WORK REQUEST.
Nothing but the pictures should be left out when you copy the records exactly.

### INPUT RECORDS ###

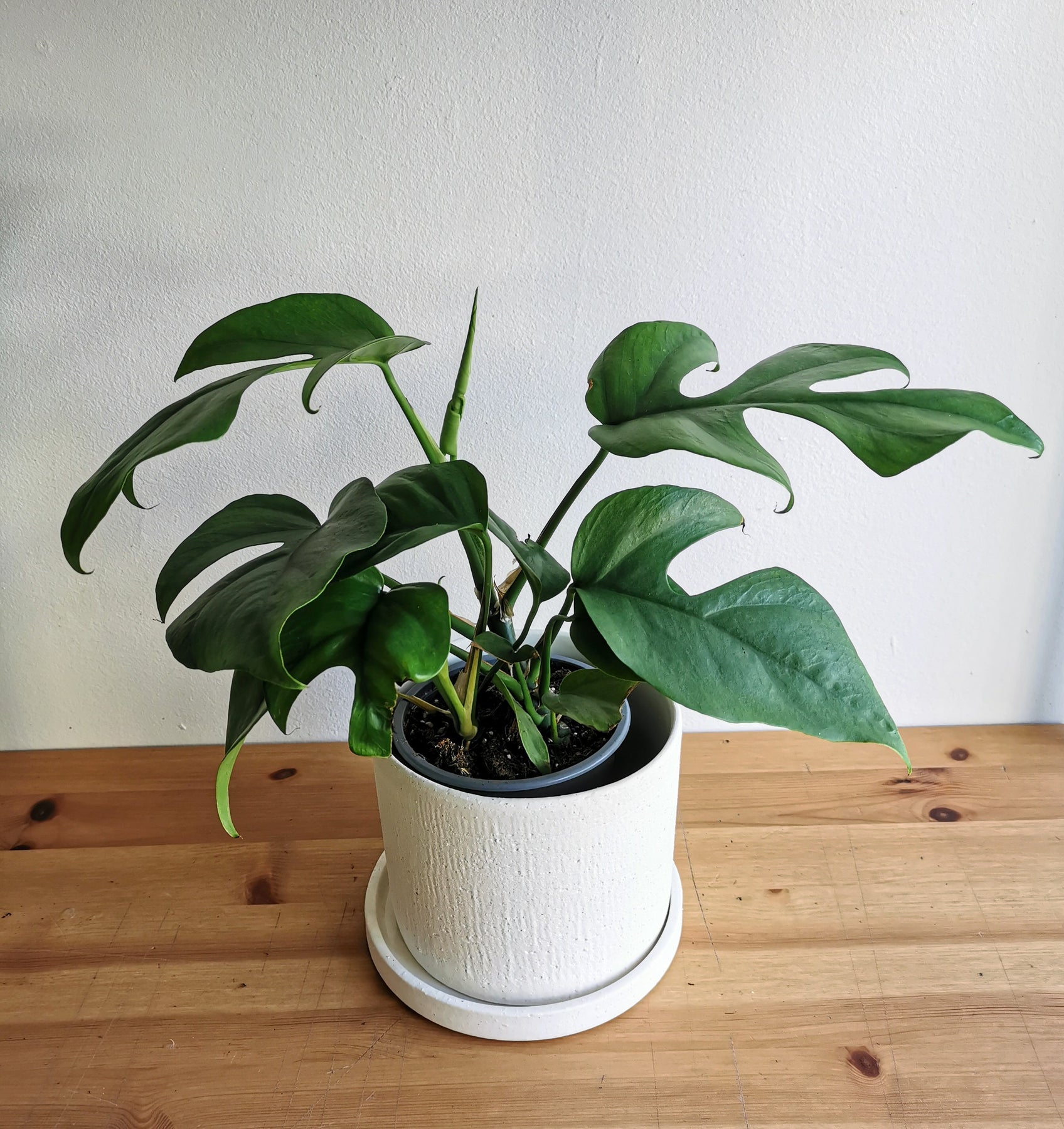 Cette superbe plante est une variété grimpante d'aracée. Dans la nature, elle s'agrippe aux arbres grâce à ses racines aériennes. Elle reproduira cette tendance grimpante dans nos maisons ! Elles sont magnifiques adossées à un mur et grimpant jusqu'au plafond ! Elles ont de très belles croissances lorsqu'elles ont un entretien adapté à leurs besoins.
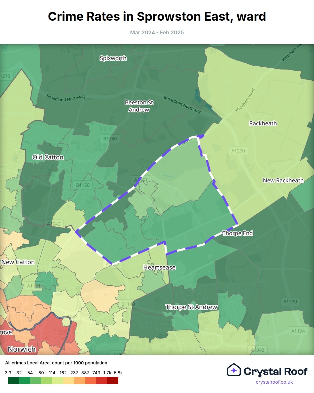 Sprowston East, (ward) includes areas with the following crime ratings (see map):
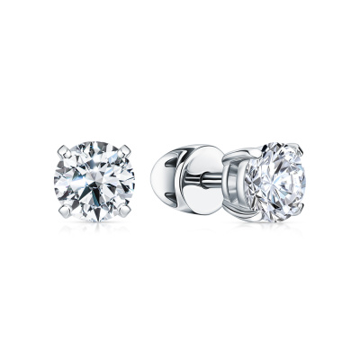 Серьги с 2 бриллиантами природными, 1.8 карат, огранка круг 57 граней, цвет 3, чистота 6, тип огранки А; Белое золото 750 пробы.
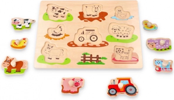 Objevte kouzlo farmy s touto dřevěnou skládačkou. Děti budou nadšené objevováním postav a scén z farmy, které jim přiblíží život na venkově. Speciální úchyty usnadňují manipulaci s jednotlivými dílky, díky čemuž je hračka vhodná i pro nejmenší.
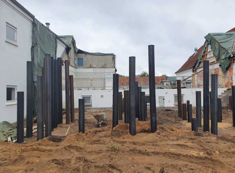 Hvad man ikke kan se på denne 3D-tegning, er rørføringen og kloakeringen, der går under den nye bygning, og som har været lidt af et puslespil at få til at gå op på grund af piloteringen. 3D-tegninger bidrager derudover til at fremhæve de virkelige forhold, så både entreprenør og bygherre nemt kan visualisere, hvordan resultatet kommer til at se at ud.
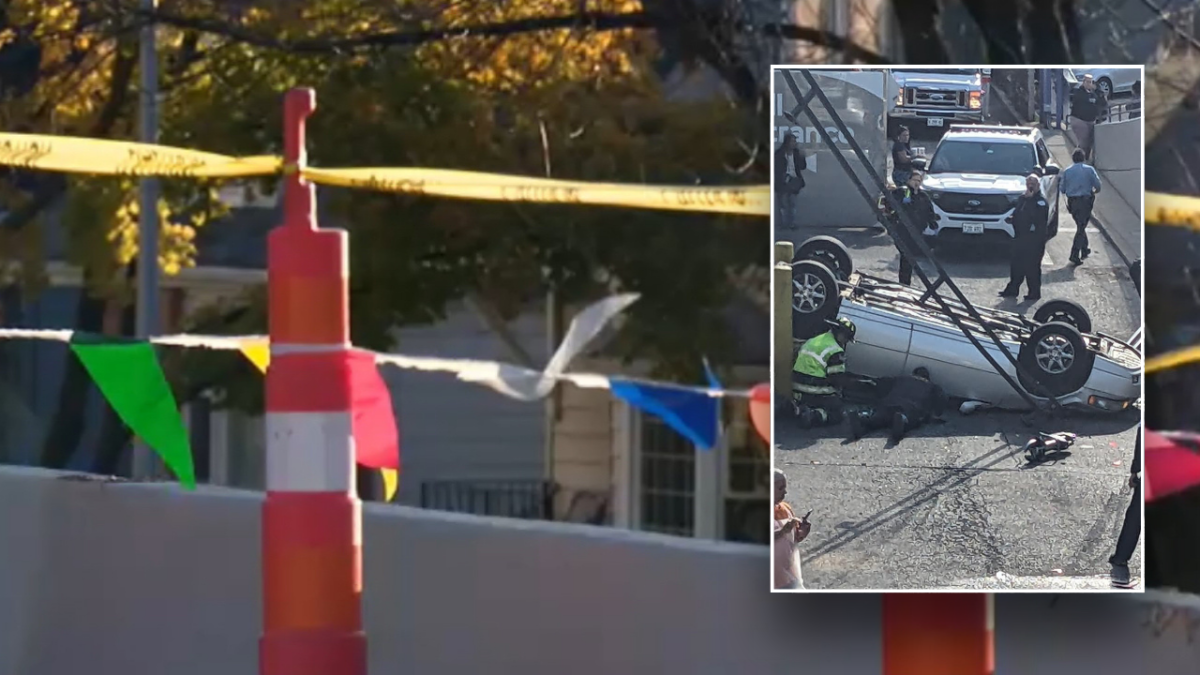 Authorities working near upside-down car
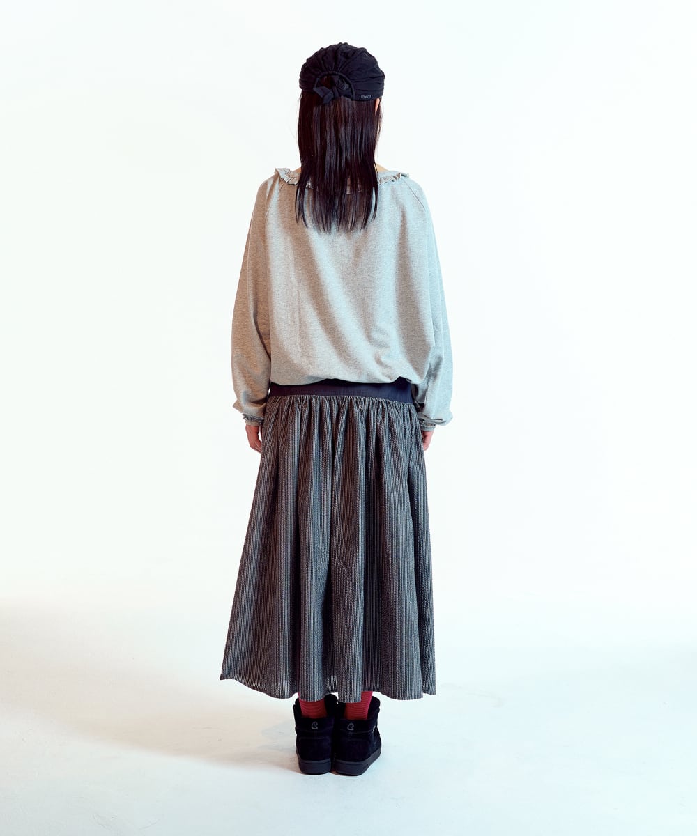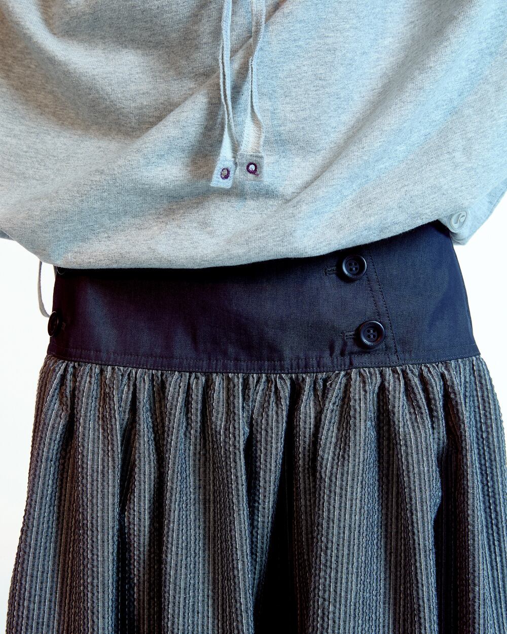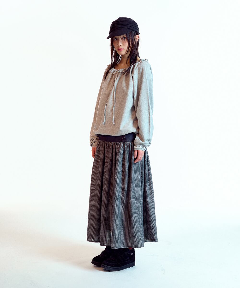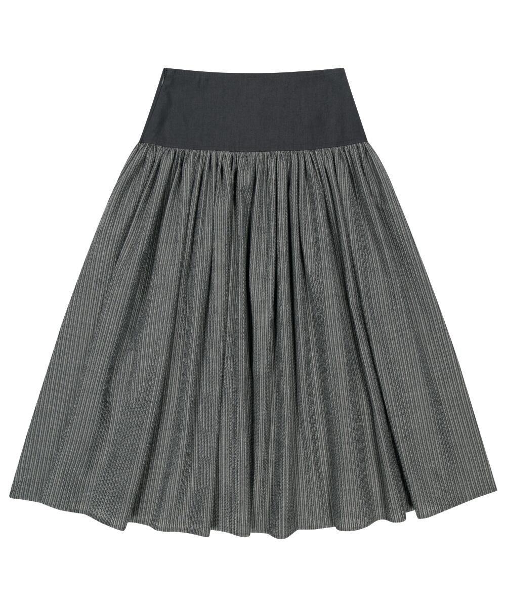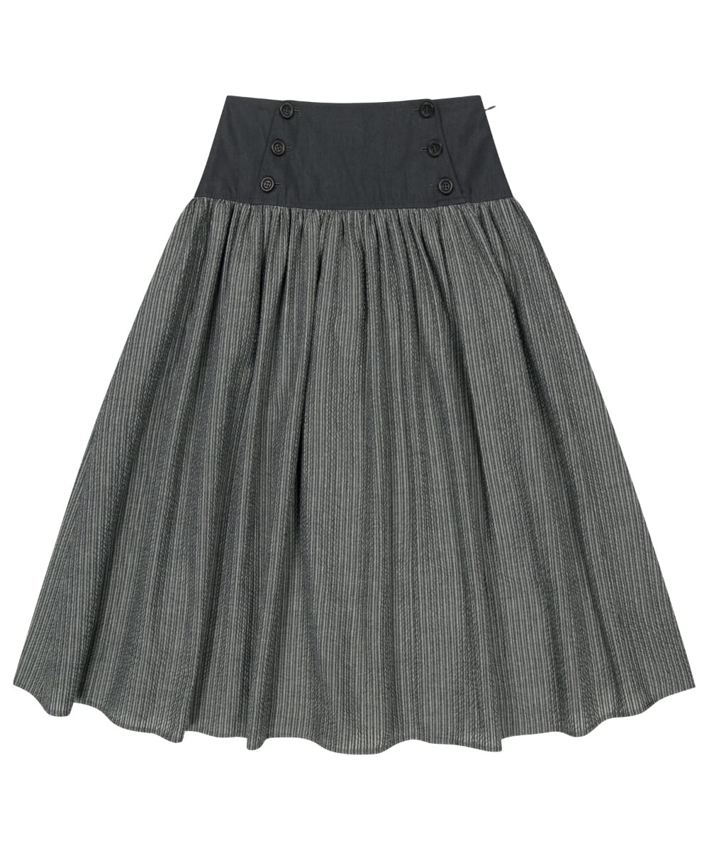 [COYSEIO] DOUBLE BUTTON STRIPE SKIRT BLACK
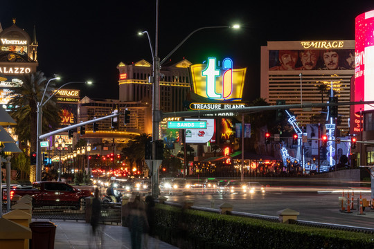 把车停回酒店,顺着拉斯维加斯大道向南走消消食。夜幕下的拉斯维加斯真的很出片。
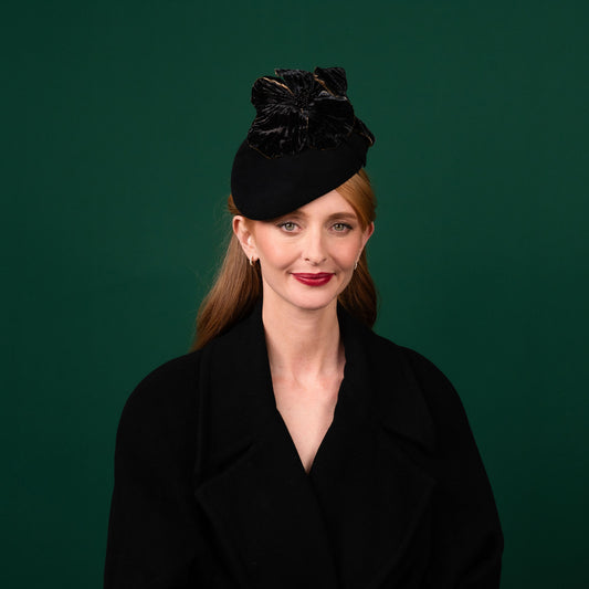 McLean Black Felt Beret with Black and Gold Velvet Flowers Winter Racewear Headpiece
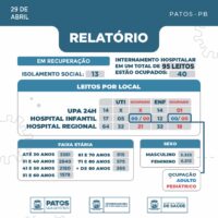 Desde o início da pandemia do novo coronavírus, a cidade de Patos registrou o total de 11.838 pessoas infectadas pelo vírus. Desses números, 181 pessoas foram a óbito, (01 óbito foi registrado nas últimas 24 horas) e 11.604 estão recuperadas.
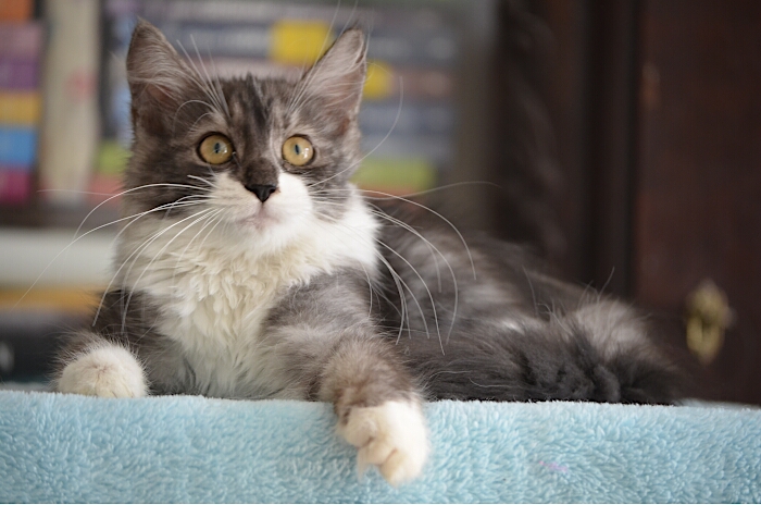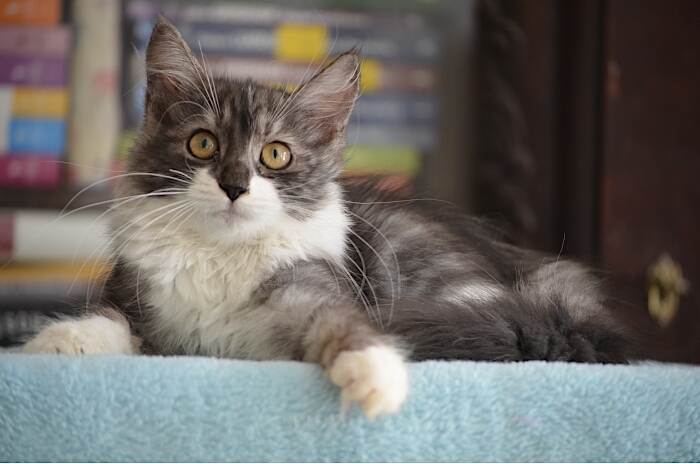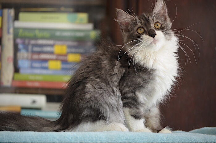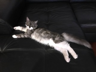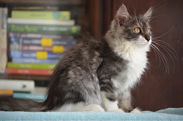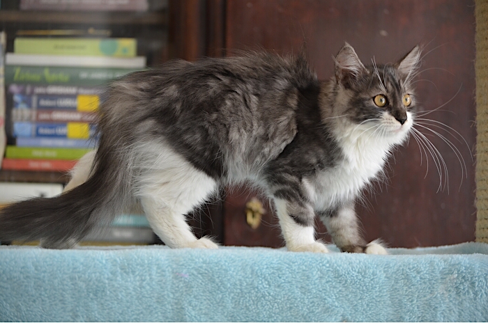 SIB ns 09 22 (czarna srebrzysta z białym, klasycznie pręgowana) Ur. 27.03.2019 Zamieszkała z Jolą w Londynie Rodowód
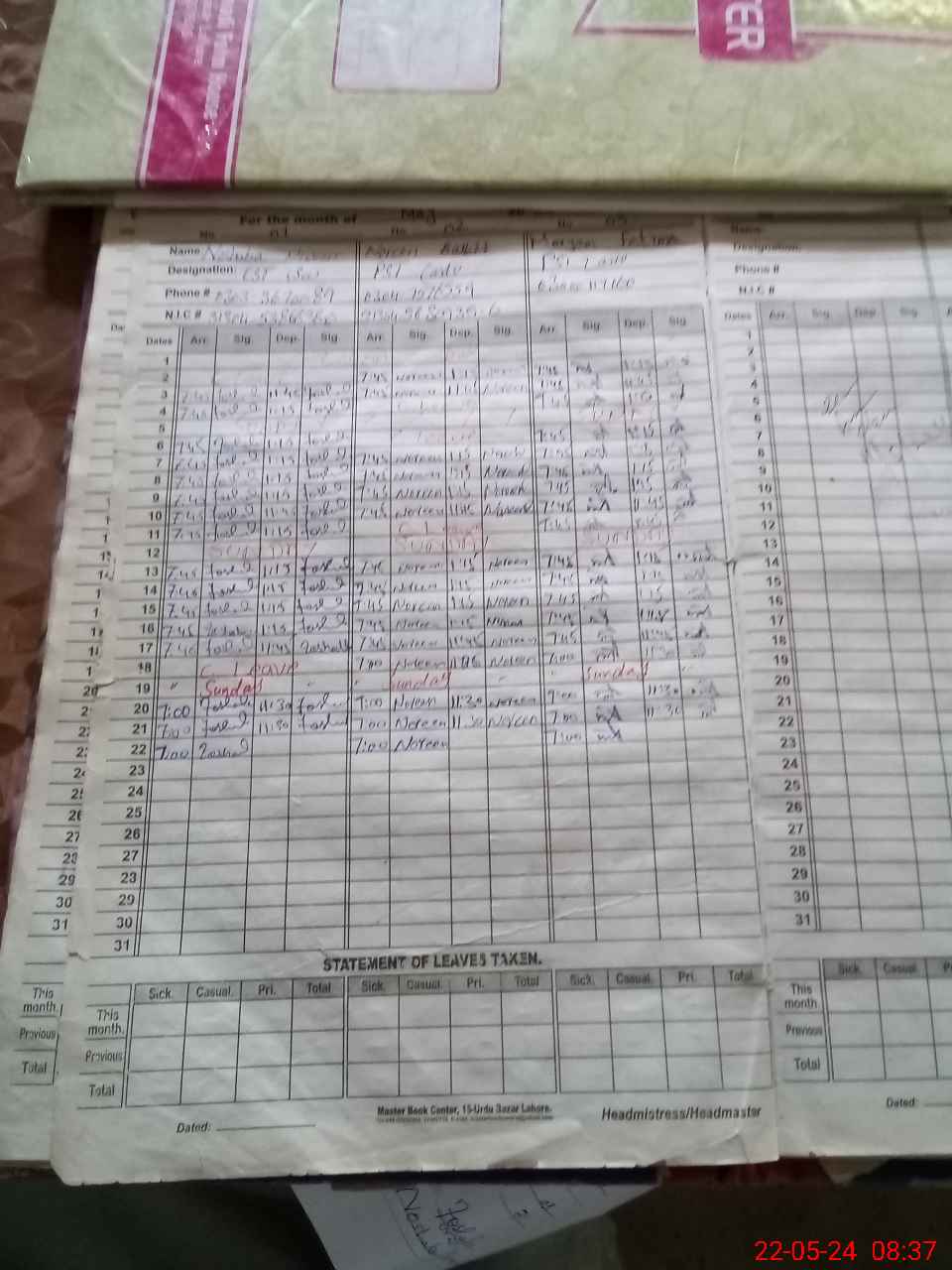 | CNIC | Full Name | Designation | R/C | Absence During Last Calender Month |

###

ANSWER FOR THIS EXERCISE.
 Cette superbe plante est une variété grimpante d'aracée. Dans la nature, elle s'agrippe aux arbres grâce à ses racines aériennes. Elle reproduira cette tendance grimpante dans nos maisons ! Elles sont magnifiques adossées à un mur et grimpant jusqu'au plafond ! Elles ont de très belles croissances lorsqu'elles ont un entretien adapté à leurs besoins.
 Sprowston East, (ward) includes areas with the following crime ratings (see map):
 Серьги с 2 бриллиантами природными, 1.8 карат, огранка круг 57 граней, цвет 3, чистота 6, тип огранки А; Белое золото 750 пробы.
 Objevte kouzlo farmy s touto dřevěnou skládačkou. Děti budou nadšené objevováním postav a scén z farmy, které jim přiblíží život na venkově. Speciální úchyty usnadňují manipulaci s jednotlivými dílky, díky čemuž je hračka vhodná i pro nejmenší.
 Hvad man ikke kan se på denne 3D-tegning, er rørføringen og kloakeringen, der går under den nye bygning, og som har været lidt af et puslespil at få til at gå op på grund af piloteringen. 3D-tegninger bidrager derudover til at fremhæve de virkelige forhold, så både entreprenør og bygherre nemt kan visualisere, hvordan resultatet kommer til at se at ud.
 Authorities working near upside-down car
 [COYSEIO] DOUBLE BUTTON STRIPE SKIRT BLACK
 把车停回酒店,顺着拉斯维加斯大道向南走消消食。夜幕下的拉斯维加斯真的很出片。
 McLean Black Felt Beret with Black and Gold Velvet Flowers Winter Racewear Headpiece
 Desde o início da pandemia do novo coronavírus, a cidade de Patos registrou o total de 11.838 pessoas infectadas pelo vírus. Desses números, 181 pessoas foram a óbito, (01 óbito foi registrado nas últimas 24 horas) e 11.604 estão recuperadas.
 SIB ns 09 22 (czarna srebrzysta z białym, klasycznie pręgowana) Ur. 27.03.2019 Zamieszkała z Jolą w Londynie Rodowód
 | CNIC | Full Name | Designation | R/C | Absence During Last Calender Month |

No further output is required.